Thank you for your replies.
I understand the need for blind testing as a means to remove bias.
I have found that familiarity provides the highest level of discrimination in a listening assessment, and that is achieved over long term listening with familiar music and in a familiar system/room, and in that way assessing only a single variable/change to the system/sound.
Is this something that you considered when developping the methodology for your tests and testing facilities?
I have stressed the importance of familiarity but another extremely important factor in my view is the adequate set up of speakers in the room for best bass frequency response (and your research indicates that "low bass performance accounts for approximately 30% of one’s overall assessment of sound quality") and room "activation" (how differences in directivity interact with the room for "spatiality" effects, such as dipoles and omnis), and axial positioning or toe-in (e.g.

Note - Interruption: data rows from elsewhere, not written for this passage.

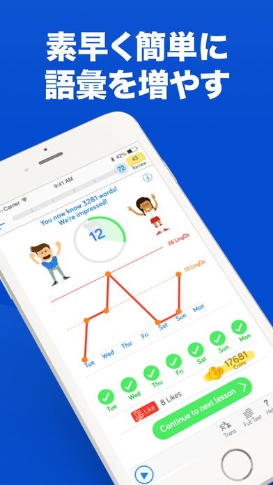 スマートフォンひとつで学習が可能なため、隙間時間を有効に活用したい方や、外出先でも語学を学習したい方などにおすすめです。辞書も搭載されているため、知らない単語は逐一調べることができます。
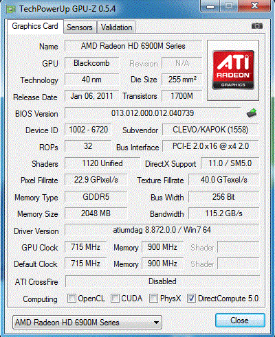 Doch genug mit dem Gehäuse, es handelt sich hier ja schließlich um einen GPU-Test. Von den Spezifikationen gleicht die Radeon HD 6990M teilweise ihrem Vorgänger HD 6970M. Beide Grafikkarten basieren auf den Desktop Barts Chip mit 1700 Millionen Transistoren und bieten einen 2048 MByte großen und 900 MHz schnellen GDDR5-Videospeicher (Bandbreite: 115.2 GB/s). Die Speicheranbindung bleibt ebenfalls identisch, 256 Bit reichen dank GDDR5 momentan locker. Hergestellt werden die GPUs im 40 nm Verfahren.
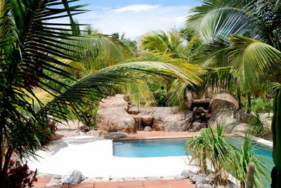 Bungalow 4 This bottom story unit overlooks the pool and tropical garden and features a large bedroom with a king size bed and hammock with a wide entrance to the sitting room which is great for reading and has a couch that can be used as a single bed. This unit also has a large closet area and semi enclosed shower surrounded by tropical gardens. Price: $120 per night for double occupancy See it... |
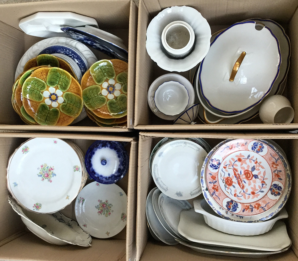 Lotto di quattro cartoni contenenti numerosi piatti e contenitori per la tavola (difetti)

Dali speakers are designe for flat response 30° off-axis).
Would you confirm that neither aspect was/is addressed in the shuffler rooms?
If that was not the case then some speakers were listened in sub-optimal conditions and thus unfairly handicaped.
Although I understand that providing optimal conditions for testing would have been impractical.
In regard to the mono vs stereo performance, your research shows that "spatial quality" ratings when listening in stereo improve for narrowing directivity monopoles (Kef) and for dipoles (Quad).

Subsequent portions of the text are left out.